Three days later, I went to the Virginia Commonwealth University trauma center in Richmond with my family, to take Andy home. The Edinburgh hearse met us there. Officer Andy was waiting in uniform, with a straight back and the stoic features you would expect from a military officer. He gave me the biggest hug of my life, and when we parted, his legs were tied and he sank to his knees.

I realized that the journey home would take two and a half hours. A small procession behind a white car with green markings, my brother-in-law at the wheel, my family, Andy’s brothers and a few friends. I was expecting something decent. I was expecting the impossible.

I was wrong about everything.

ARMY WIFE LIVES IN ‘ENDLESS SHOCK’

Amy King holds her daughter Adalyn in front of her husband’s flag-draped casket. (Courtesy of Angie Vann, owner of Angie Renee Photography)

The first overpass should be a hint. I glanced at my phone and saw a fire engine parked on the other side of the bridge, an American flag on the side, three uniformed firefighters holding on tight to salute as we approached. This is Andy’s, I noticed. This is ours.

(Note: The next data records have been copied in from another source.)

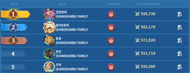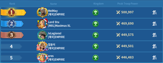 Server 97 is one with a storied past. The Korean-dominated server is home to the Ruslan alliance KANBU FAMILY(KAN0). The alliance comprises of players who mostly speak Korean. KAN0 has 55 players with a total of 154 million power. At its peak, KAN0 was one of the strongest servers to grace the game. Unfortunately, many of their top players have moved on. Even so, they are a force to be reckoned with relative to other small to mid-sized servers. The top five range from 550k to 595k. The players field Lightning and Earth marches. One of them even has Loki in his Earth variant. The server has a whopping 20 players with over 500k power and 48 players with over 400k power. 97 is arguably the strongest mid-sized server.
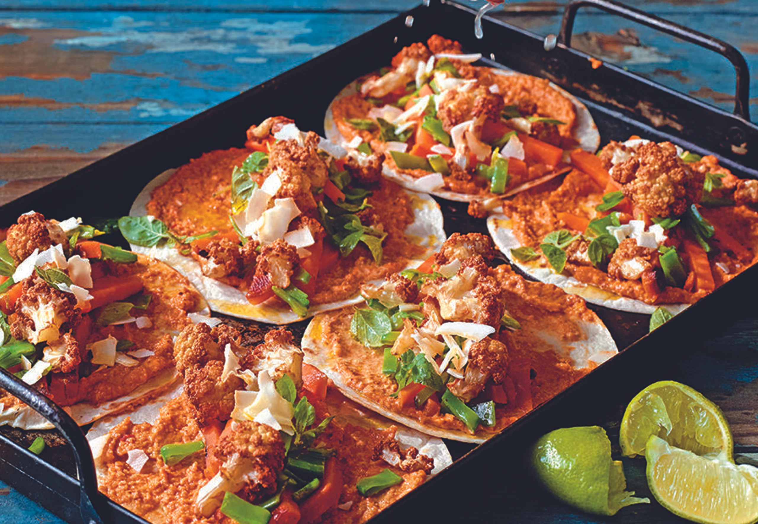 Tortillas laut Anweisung auf der Packung erwärmen, mit der Creme bestreichen und mit Kartoffeln, Karfiol und Schoten belegen. Mit Oregano und Kokosflocken bestreuen und mit Limettensaft beträufelt servieren.
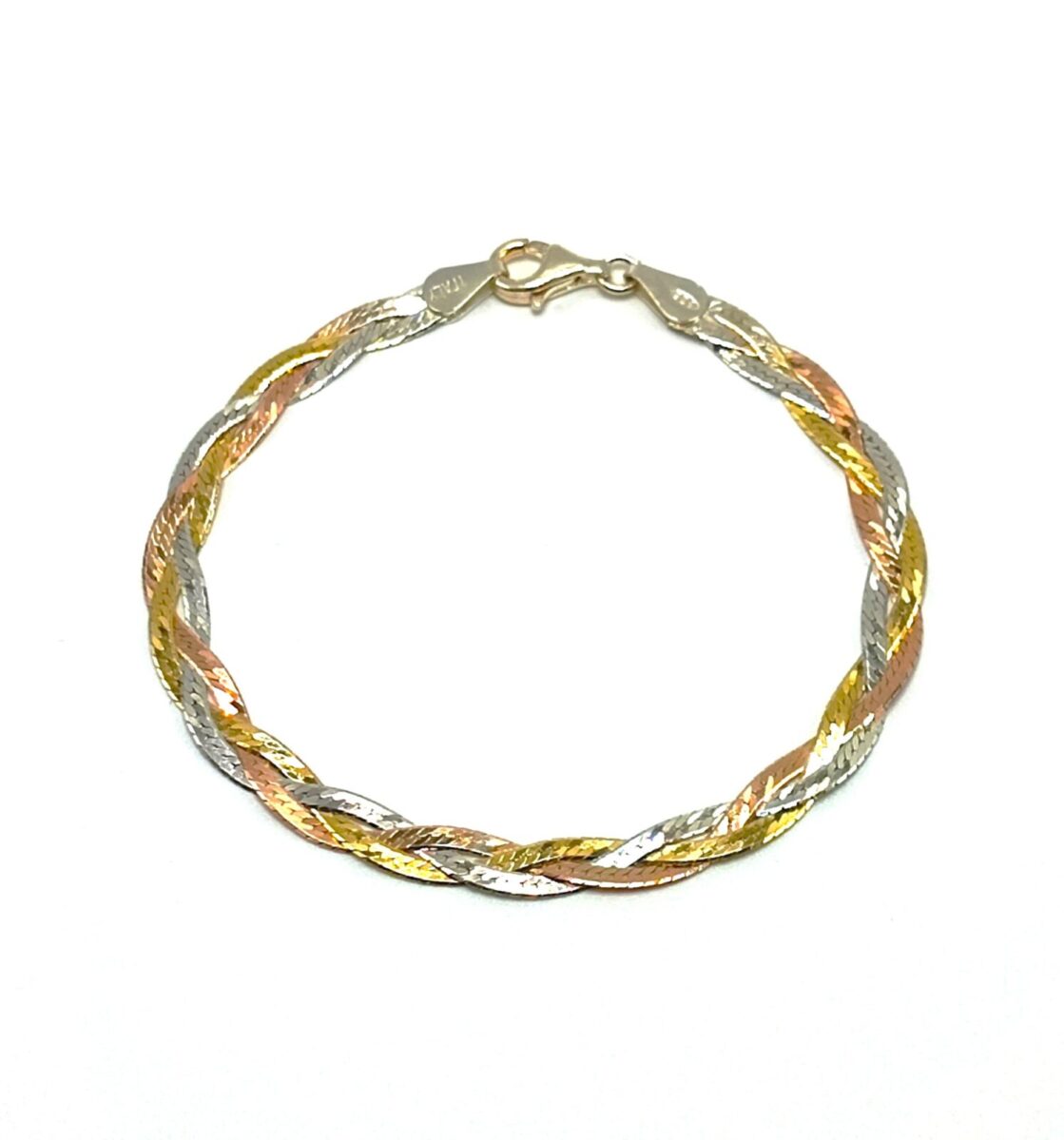 Pulsera trenzada tricolor de plata de ley, plata bañada en oro y plata rosada.
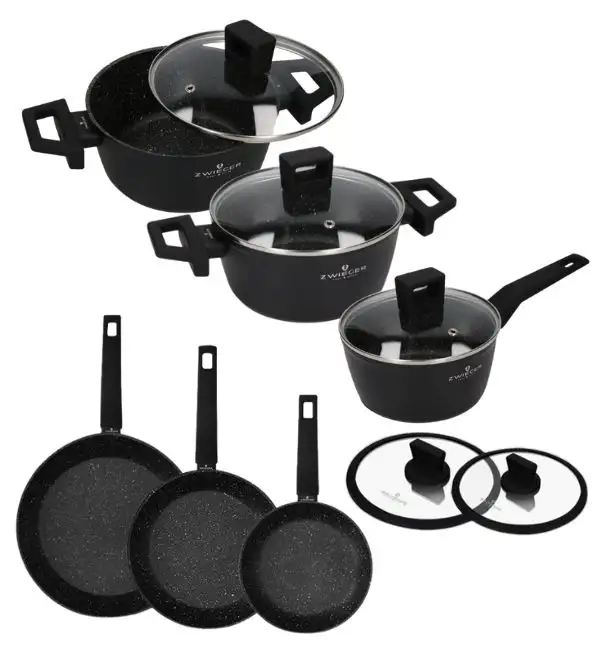 ZWIEGER FORTE Komplet garnków z pokrywkami 6 el /16, 18, 20 cm + Patelnia 20, 24, 28 cm + pokrywki Zwieger / aluminium

A few miles down, another overpass appeared, and on it another fire engine, this one with its ladder raised and perhaps a dozen uniformed firefighters standing focused on a large American flag hanging over the railroad tracks. Greetings. The sight was amazing and emotionally wrenching at the same time. I stared at that top until it crumpled in the back window, touched by the kindness of strangers and wishing I had thought to take a picture.

As it turned out, I would have many opportunities.

MEMORIAL DAY: WILD MUSTANGS HELP TRAINERS LIVE THROUGH WYOMING RANCH PROGRAM

I saw the next overpass coming in the distance, what appeared to be small figures standing in front of a fire truck. As we approached, I saw another American flag, this one being raised by uniformed firefighters giving a free hand salute. They were joined by villagers who came alone. Men, women, children and even toddlers a little older than my daughter stand in worship.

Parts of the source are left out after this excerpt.